*** Dataset excerpt Section Begins ***

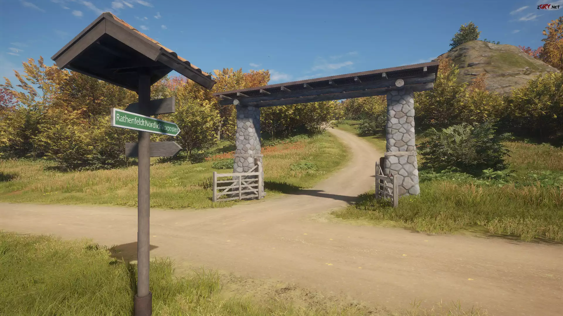 Gra, TheHunter Call of the Wild, Rathenfeldt, Hirschdorf, Droga, Rozwidlenie, Znak, Brama
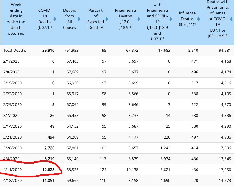 This is a screenshot of the Provisional Death Count as of April 16, 2020 (which you can access at this CDC link). As you can see, the COVID death count for the week of 4/11/20 was 3,542.
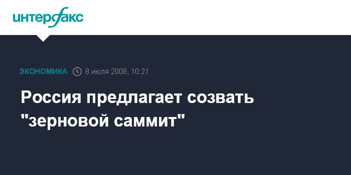 Москва. 8 июля. INTERFAX.RU - Россия на саммите "восьмерки" предложила идею созыва "зернового" саммита как одну из мер для решения вопроса продовольственной безопасности, сообщил президент России Дмитрий Медведев.

*** Dataset excerpt Section Ends ***

Your objective
Exclude all pictures and return precisely the lines from the one containing "This is a screenshot" through the closing line of the data.

Exercise output
 This is a screenshot of the Provisional Death Count as of April 16, 2020 (which you can access at this CDC link). As you can see, the COVID death count for the week of 4/11/20 was 3,542.
 Москва. 8 июля. INTERFAX.RU - Россия на саммите "восьмерки" предложила идею созыва "зернового" саммита как одну из мер для решения вопроса продовольственной безопасности, сообщил президент России Дмитрий Медведев.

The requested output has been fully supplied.